[[ Input data open ]]
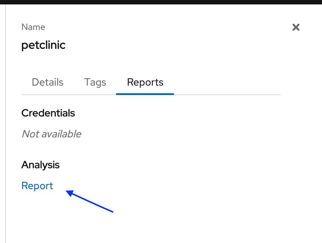 a. Create an app entry called petclinic in the Analysis tab of the tackle ui.
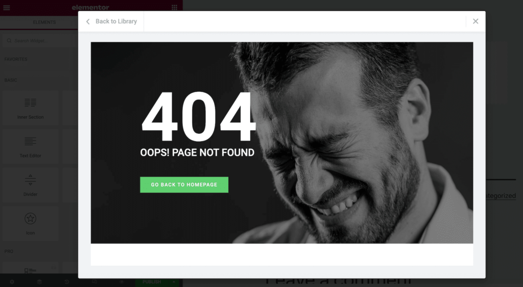 建立此连接后,Elementor将插入您选择的模板。您现在可以自定义它。例如,您可以添加更多小部件或删除任何占位符内容。
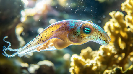 A captivating image of a delicate baby squid gracefully swimming through a vivid coral reef. Its translucent body contrasts with the rich colors of the surrounding aquatic flora, showcasing the beauty of marine life.
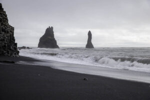 - Reynisfjara is a black beach on the Atlantic. It was absolutely stunning and completely surreal. Black sand, black shores, black rocks, black mountains, gray waves that looked gigantic, coming straight from Antarctica across the world and hitting shore, creating this cold mist and fog everywhere. It did not look real, at all.
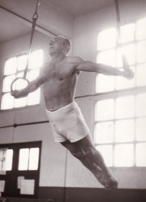 Een (keur) turner van vereniging Noordzee toont hoe het moet aan de ringen in de zaal aan de Heilig Hartlaan.
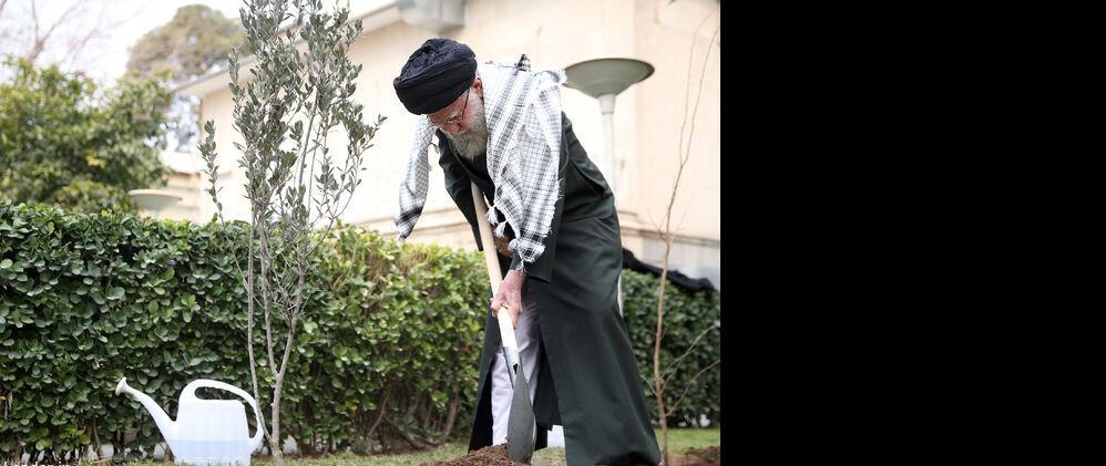 کاشت نهال توسط رهبر معظم انقلاب در روز درختکاری
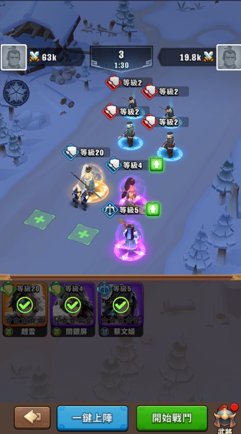 等游戏进程深入,慢慢收集姜维、刘备、赵云、诸葛亮、张飞这些强力武将,他们可是后期战力的大杀器。
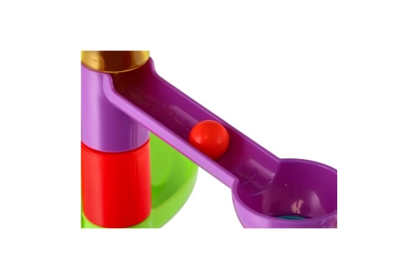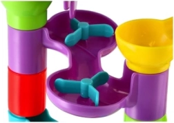 Тази пластмасова писта за топчета с 55 части позволява на децата да строят разнообразни трасета и да изпробват кое топче е най-бързо. Благодарение на различните препятствия и въртящи елементи всяко спускане е различно и изпълнено с напрежение. Комплектът развива креативността, търпението и координацията око–ръка.
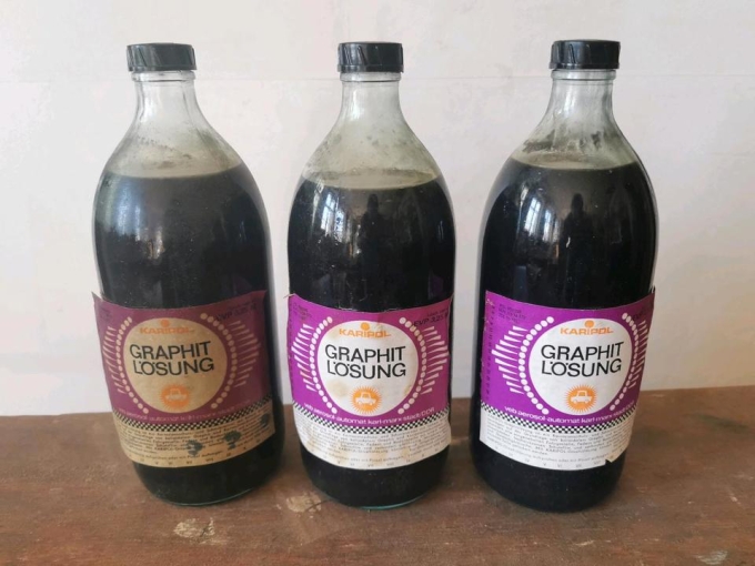 Vom Opa noch aus der DDR sind diese drei Flaschen von Karipol Graphitlösung zu verkaufen.
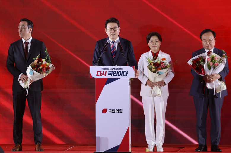 [세계타임즈 = 신상철 기자] 22일 충북 청주시 흥덕구 청주오스코에서 열린 국민의힘 제6차 전당대회에서 최고위원에 당선된 신동욱후보가 수락 연설을 하고 있다. 2025.8.22
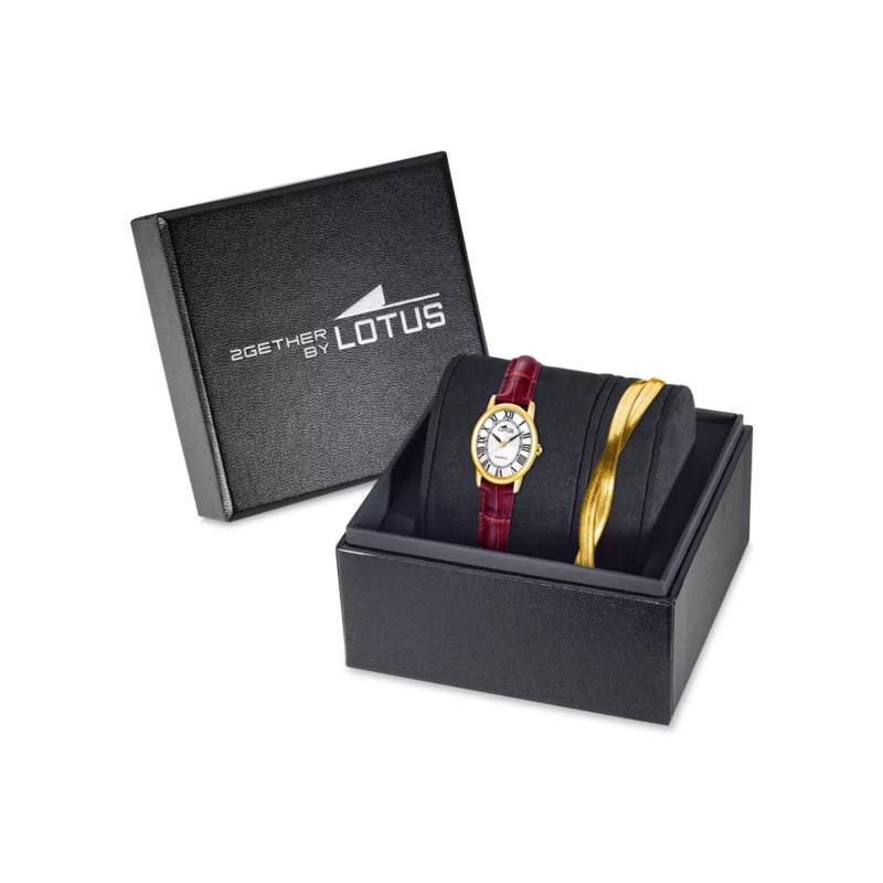 Ce coffret LOTUS Together offre un ensemble féminin et élégant associant une montre et un bracelet doré. La montre se démarque par son bracelet en cuir rouge qui apporte une touche de couleur chaleureuse et raffinée. Le cadran blanc avec ses index dorés crée un bel équilibre visuel, tandis que le boîtier doré fait écho au bracelet doré qui complète harmonieusement la parure. Présenté dans l'écrin signature noir de la collection avec le logo "Together by LOTUS" gravé sur le couvercle, cet ensemble bénéficie d'un écrin intérieur en velours sombre qui sublime les teintes dorées et le rouge profond du bracelet en cuir.
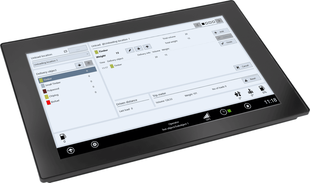 Dasa F30 receives logging and GPS data from the harvester which, when combined with the Dasa GeoInfo add-on software module, is used for optimizing the driving route and to secure that all logs are taken care of. Dasa F30 can operate in mixed fleets so it doesn’t matter if the logging data is generated by a harvester from a different brand. Alternatively, the Dasa F30 can receive its work instructions as specific StanForD2010-files such as FOI (Forwarding Object Instruction) and/or FDI (Forwarding Delivery Instruction).
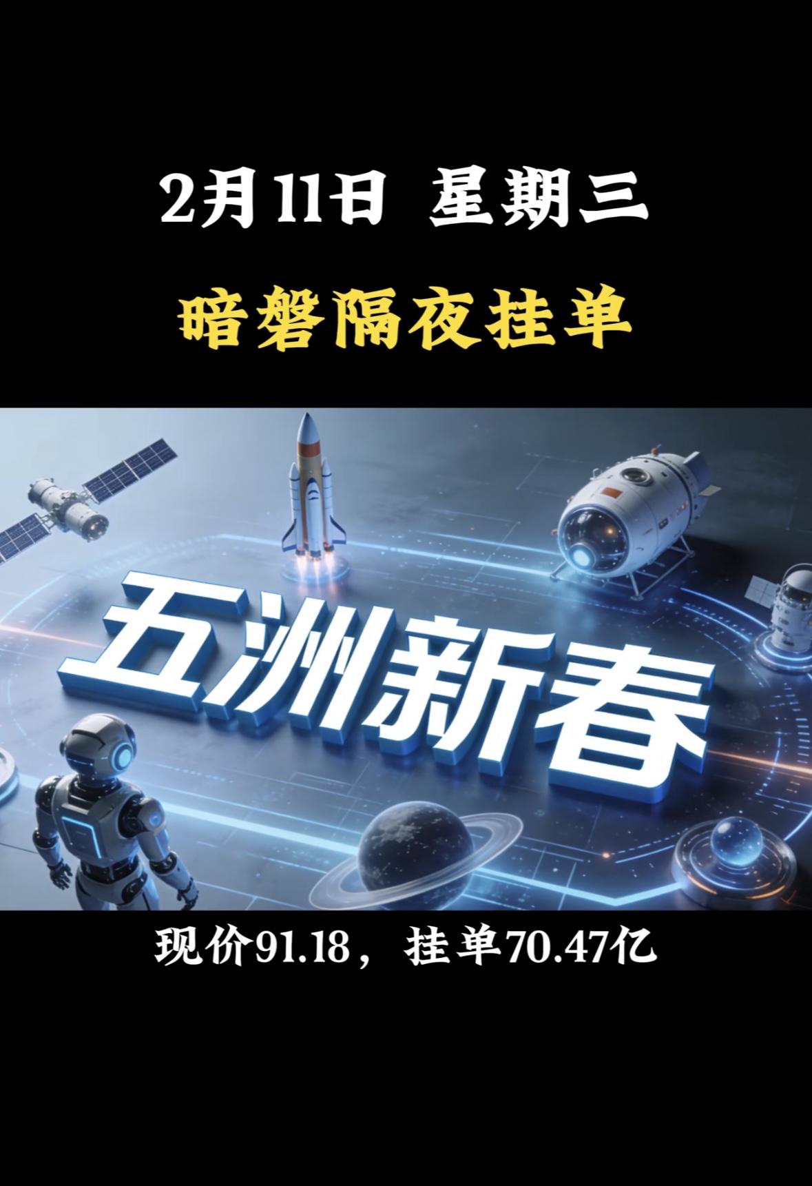 2月11日暗磐隔夜挂单,五洲新春,现价91.18,挂单70.47亿 "暗磐隔夜挂
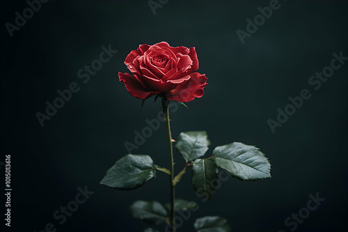 Naklejka premium Single Red Rose on Dark Background - Photo
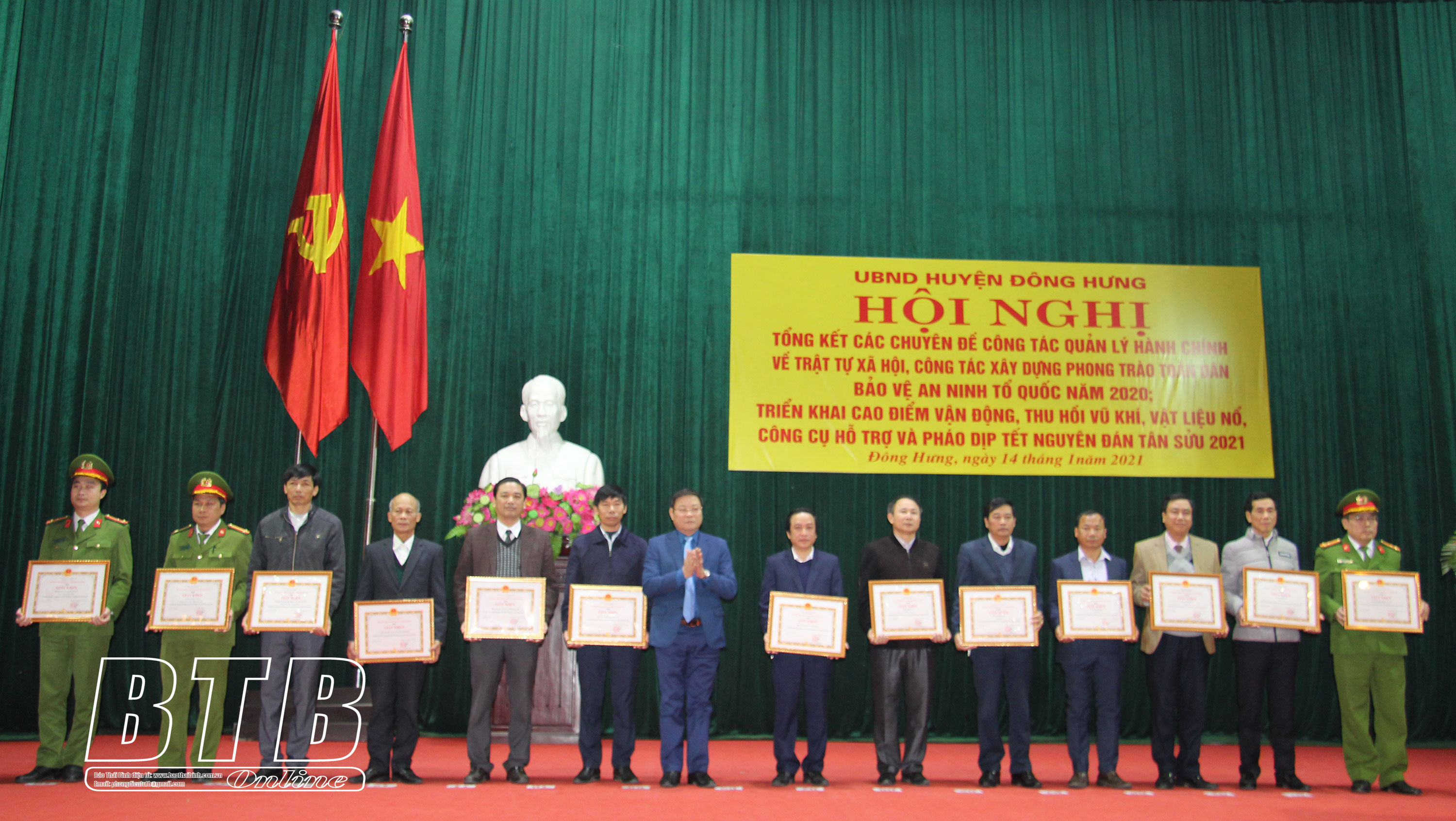 Năm 2021, đặc biệt là dịp trước, trong và sau tết Nguyên đán Tân Sửu, huyện Đông Hưng chỉ đạo Công an huyện đẩy mạnh thực hiện phong trào “Toàn dân bảo vệ an ninh Tổ quốc”, mở đợt cao điểm tấn công, trấn áp tội phạm và vận động, thu hồi vũ khí, vật liệu nổ, công cụ hỗ trợ và pháo dịp tết Nguyên đán Tân Sửu 2021. Đồng thời làm tốt công tác tuyên truyền, vận động, thuyết phục quần chúng nhân dân thực hiện tốt chủ trương, đường lối của Đảng, chính sách, pháp luật của Nhà nước, không để xảy ra khiếu kiện đông người, vượt cấp, không để xảy ra “điểm nóng” về an ninh trật tự, giảm tai nạn giao thông.
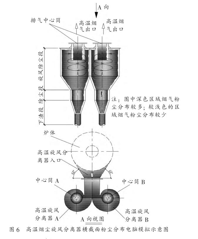 如圖 5 無煙煤燃燒四次風旋轉(zhuǎn)氣流分配示意圖所示, 通過在爐內(nèi)脫硝完成后的煙氣溫度仍有 950℃ 。 高溫煙氣進入下一級的高效高溫煙氣粉塵旋風分離器。
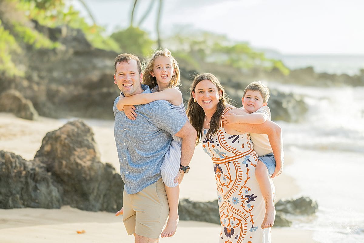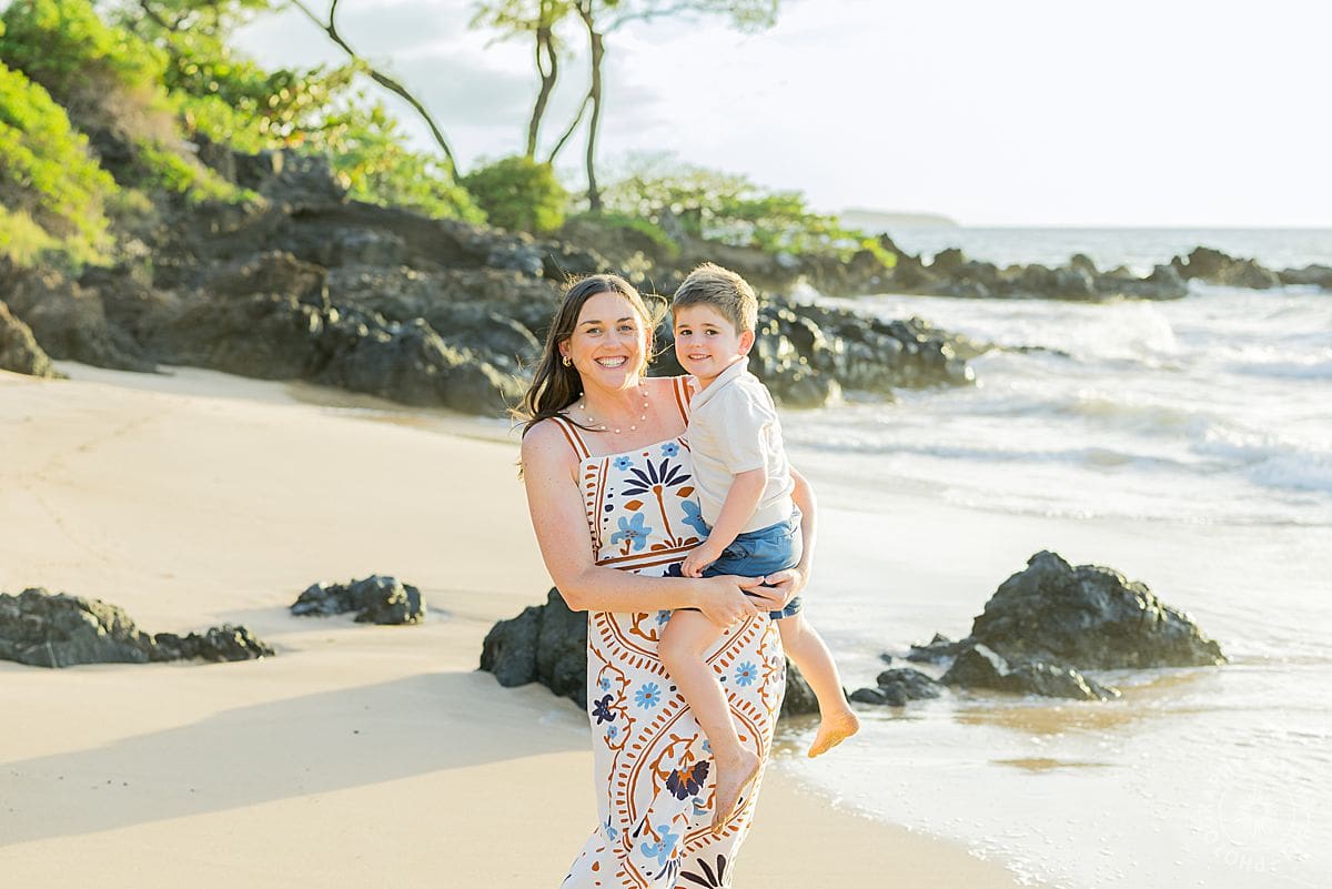 Maluaka Beach gave us the perfect mix of rugged lava rock, soft sand, and that glowing morning sun. From piggyback rides to playful chases, every frame told the story of a family who loves well and laughs freely.
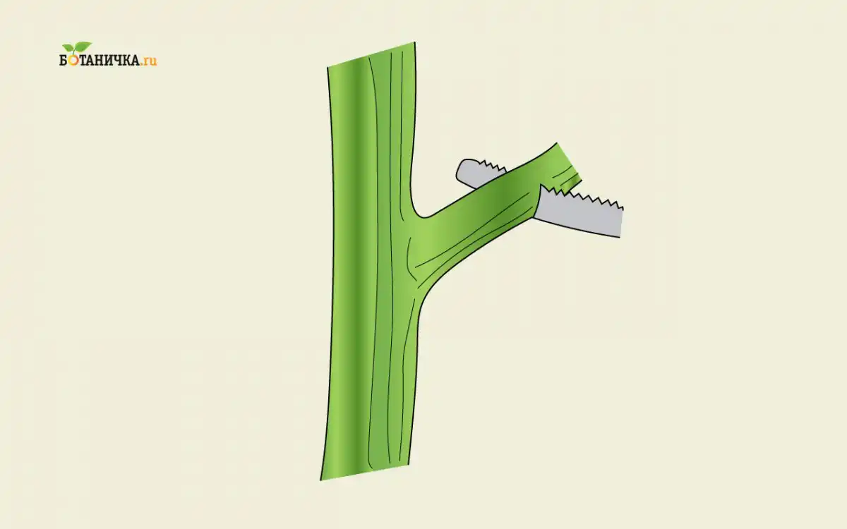 На гілках з гострим кутом відходження, з'являється мало плодів, вони менш витривалі і можуть ламатися під вагою врожаю, ушкоджуючи при цьому ствол. Тому якщо є вибір, їх краще видалити.
[[ Input data closed ]]
• **Exercise**
None of the pictures should be kept; reproduce all the remaining material exactly.

• **Expected output**
 a. Create an app entry called petclinic in the Analysis tab of the tackle ui.
 建立此连接后,Elementor将插入您选择的模板。您现在可以自定义它。例如,您可以添加更多小部件或删除任何占位符内容。
 A captivating image of a delicate baby squid gracefully swimming through a vivid coral reef. Its translucent body contrasts with the rich colors of the surrounding aquatic flora, showcasing the beauty of marine life.
 - Reynisfjara is a black beach on the Atlantic. It was absolutely stunning and completely surreal. Black sand, black shores, black rocks, black mountains, gray waves that looked gigantic, coming straight from Antarctica across the world and hitting shore, creating this cold mist and fog everywhere. It did not look real, at all.
 Een (keur) turner van vereniging Noordzee toont hoe het moet aan de ringen in de zaal aan de Heilig Hartlaan.
 کاشت نهال توسط رهبر معظم انقلاب در روز درختکاری
 等游戏进程深入,慢慢收集姜维、刘备、赵云、诸葛亮、张飞这些强力武将,他们可是后期战力的大杀器。
 Тази пластмасова писта за топчета с 55 части позволява на децата да строят разнообразни трасета и да изпробват кое топче е най-бързо. Благодарение на различните препятствия и въртящи елементи всяко спускане е различно и изпълнено с напрежение. Комплектът развива креативността, търпението и координацията око–ръка.
 Vom Opa noch aus der DDR sind diese drei Flaschen von Karipol Graphitlösung zu verkaufen.
 [세계타임즈 = 신상철 기자] 22일 충북 청주시 흥덕구 청주오스코에서 열린 국민의힘 제6차 전당대회에서 최고위원에 당선된 신동욱후보가 수락 연설을 하고 있다. 2025.8.22
 Ce coffret LOTUS Together offre un ensemble féminin et élégant associant une montre et un bracelet doré. La montre se démarque par son bracelet en cuir rouge qui apporte une touche de couleur chaleureuse et raffinée. Le cadran blanc avec ses index dorés crée un bel équilibre visuel, tandis que le boîtier doré fait écho au bracelet doré qui complète harmonieusement la parure. Présenté dans l'écrin signature noir de la collection avec le logo "Together by LOTUS" gravé sur le couvercle, cet ensemble bénéficie d'un écrin intérieur en velours sombre qui sublime les teintes dorées et le rouge profond du bracelet en cuir.
 Dasa F30 receives logging and GPS data from the harvester which, when combined with the Dasa GeoInfo add-on software module, is used for optimizing the driving route and to secure that all logs are taken care of. Dasa F30 can operate in mixed fleets so it doesn’t matter if the logging data is generated by a harvester from a different brand. Alternatively, the Dasa F30 can receive its work instructions as specific StanForD2010-files such as FOI (Forwarding Object Instruction) and/or FDI (Forwarding Delivery Instruction).
 2月11日暗磐隔夜挂单,五洲新春,现价91.18,挂单70.47亿 "暗磐隔夜挂
 Naklejka premium Single Red Rose on Dark Background - Photo
 Năm 2021, đặc biệt là dịp trước, trong và sau tết Nguyên đán Tân Sửu, huyện Đông Hưng chỉ đạo Công an huyện đẩy mạnh thực hiện phong trào “Toàn dân bảo vệ an ninh Tổ quốc”, mở đợt cao điểm tấn công, trấn áp tội phạm và vận động, thu hồi vũ khí, vật liệu nổ, công cụ hỗ trợ và pháo dịp tết Nguyên đán Tân Sửu 2021. Đồng thời làm tốt công tác tuyên truyền, vận động, thuyết phục quần chúng nhân dân thực hiện tốt chủ trương, đường lối của Đảng, chính sách, pháp luật của Nhà nước, không để xảy ra khiếu kiện đông người, vượt cấp, không để xảy ra “điểm nóng” về an ninh trật tự, giảm tai nạn giao thông.
 如圖 5 無煙煤燃燒四次風旋轉(zhuǎn)氣流分配示意圖所示, 通過在爐內(nèi)脫硝完成后的煙氣溫度仍有 950℃ 。 高溫煙氣進入下一級的高效高溫煙氣粉塵旋風分離器。
 Maluaka Beach gave us the perfect mix of rugged lava rock, soft sand, and that glowing morning sun. From piggyback rides to playful chases, every frame told the story of a family who loves well and laughs freely.
 На гілках з гострим кутом відходження, з'являється мало плодів, вони менш витривалі і можуть ламатися під вагою врожаю, ушкоджуючи при цьому ствол. Тому якщо є вибір, їх краще видалити.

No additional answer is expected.